DATA SEGMENT:
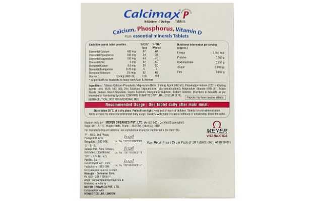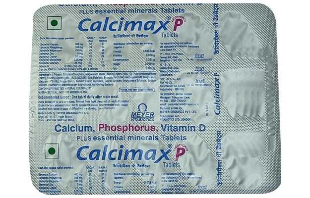 Calcimax P is an allopathic medicine Secondary and off-label uses of Calcimax P have also been mentioned below. The key ingredients of Calcimax P are Calcium, Phosphorous, Vitamin D3. The correct dosage of Calcimax P depends on the patient's age, gender, and medical history. This information has been provided in detail in the dosage section.
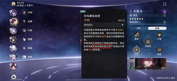 由于卡芙卡行动之前恐龙身上有【奥迹】状态,卡芙卡自身攻击+1层,引爆【奥迹】+1层,专武游丝添加负面状态+1,因此卡芙卡释放战技之后【炉灶加温】会增加3层;
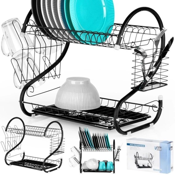 Suszarka do Naczyń na Talerze Sztućce 2-Poziomowa Czarna VILDE 52x24,5x38cm

EXERCISE GOAL:
Your copy should hold only the lines from the line with "由于卡芙卡行动之前恐龙身上有" through the end of the data above, both ends included, transcribed exactly and without pictures.

ANSWER FOR THE TASK:
 由于卡芙卡行动之前恐龙身上有【奥迹】状态,卡芙卡自身攻击+1层,引爆【奥迹】+1层,专武游丝添加负面状态+1,因此卡芙卡释放战技之后【炉灶加温】会增加3层;
 Suszarka do Naczyń na Talerze Sztućce 2-Poziomowa Czarna VILDE 52x24,5x38cm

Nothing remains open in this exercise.